The article (which shows the original curve in m3 of crude) states that Weyburn has 1.4 billion barrels of original oil in place with about 34% of that available under water flood. That comes out to 476 million barrels available. The difference between the estimate and the model (320 million barrels) comes out to 154 million barrels extra from additional infill drilling.
An estimated 34% of the oil in place will be recoverable under waterflood. In excess of 80% of this oil has already been produced according to government statistics. Incremental production with injection of CO2 is estimated to be in the order of 15% of initial oil in place, in the area of the field to be flooded. This will produce an additional 130 million barrels (21 million m3) of oil over the anticipated 25 year life of the tertiary recovery project.
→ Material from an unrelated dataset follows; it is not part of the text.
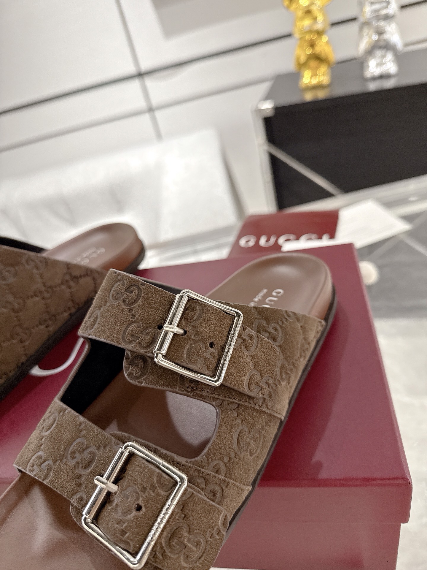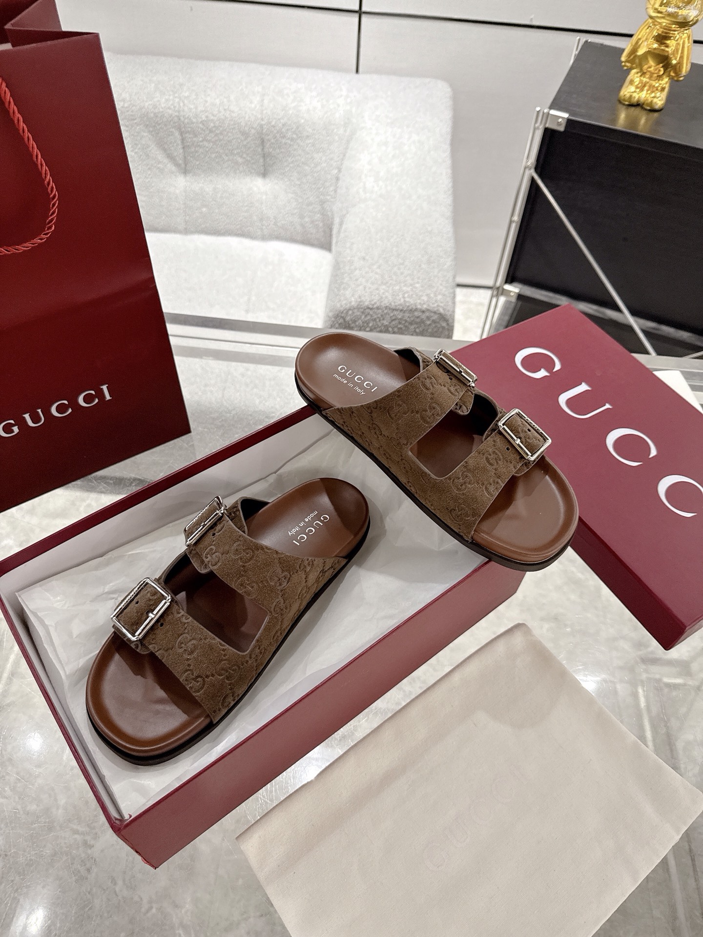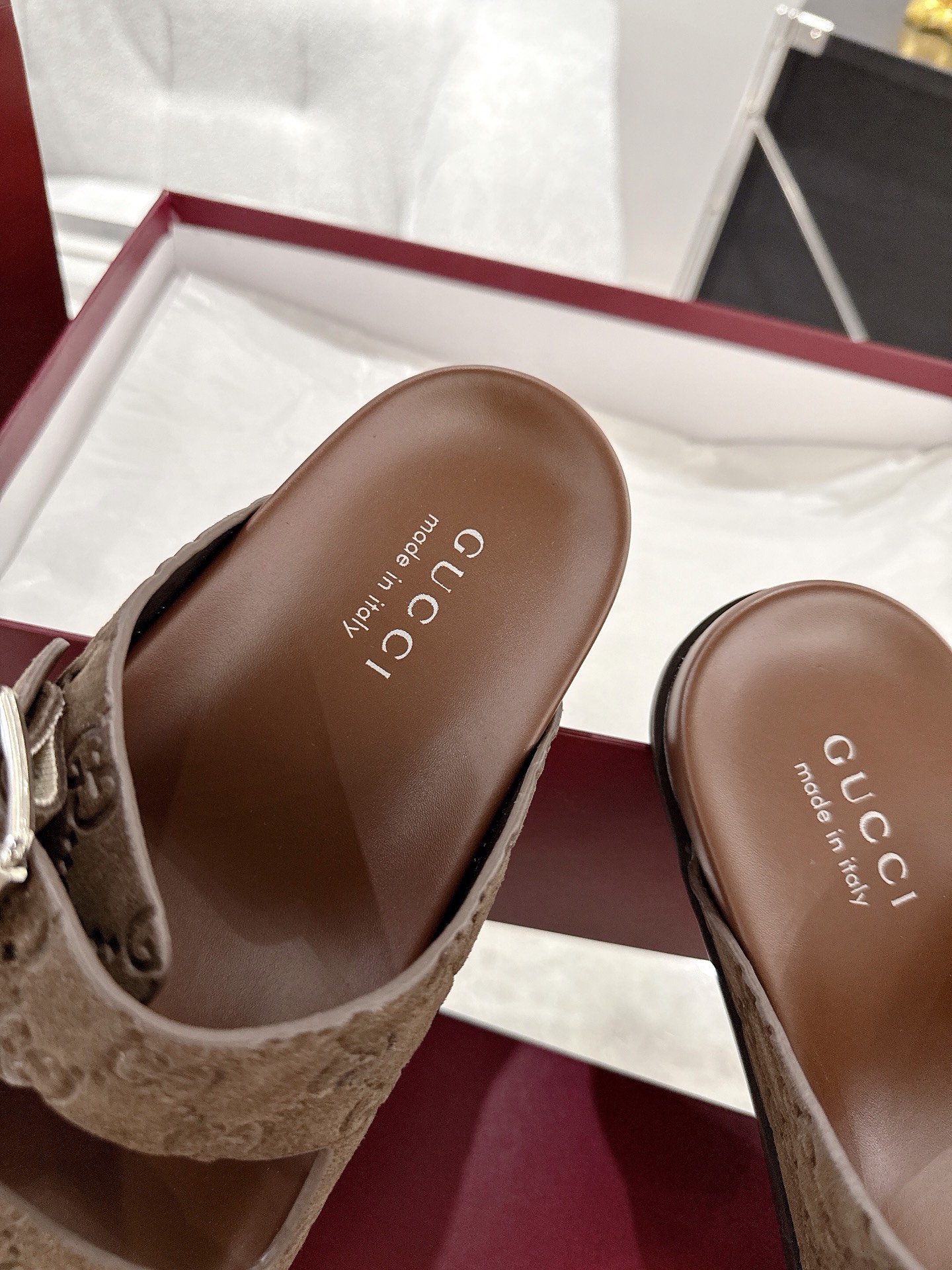 这款鞋子是AAAAA 1:1 质量 (非常棒). 使用了和原版一模一样的材料. 商标部分也保持了和古奇/Gucci一样. 图片拍摄是实物鞋子拍摄, 您所收到的实物保证和我们图片一模一样.
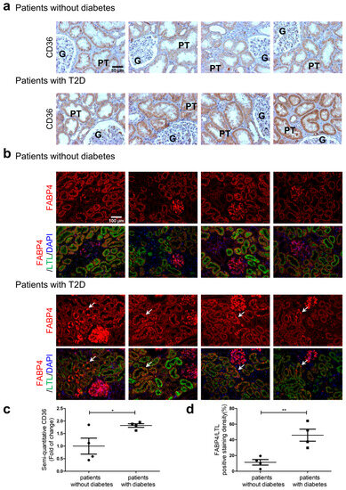 CD36 and FABP4 expression in human kidney sections. Samples were obtained from areas without tumors from patients who underwent nephrectomy for carcinoma of the kidney. CD36 immunostaining (a) and FABP4/LTL/DAPI immunofluorescent staining (b) from 4 patients without diabetes and from 4 patients with diabetes (white arrows indicate proximal tubules). (c) Semi-quantitation of CD36 and (d) FABP4/LTL/DAPI staining from patients ± diabetes. CD36 magnification ×200 and FABP4 magnification ×100. G, glomerulus; and P, proximal tubule. * p < 0.05; ** p < 0.01 vs. Patients without diabetes (Student’s unpaired t-test).

If I put in the difference from the recent infill drilling, treating it as essentially a new discovery circa 1986, the new model looks like the following:

Interesting how well this model, which uses the same depletion rate as the USA lower-48 oil shock model, qualitatively fits the data from a much smaller exploration region. Even though the Weyburn field pales in comparison to the size of all the USA's (or the world's) fields combined, the essentially scalability of the oil shock model provides more evidence of its general applicability.

As for the remaining 15%, how much the substantial CO2 injection will cost us in dollars and sweat remains a big question.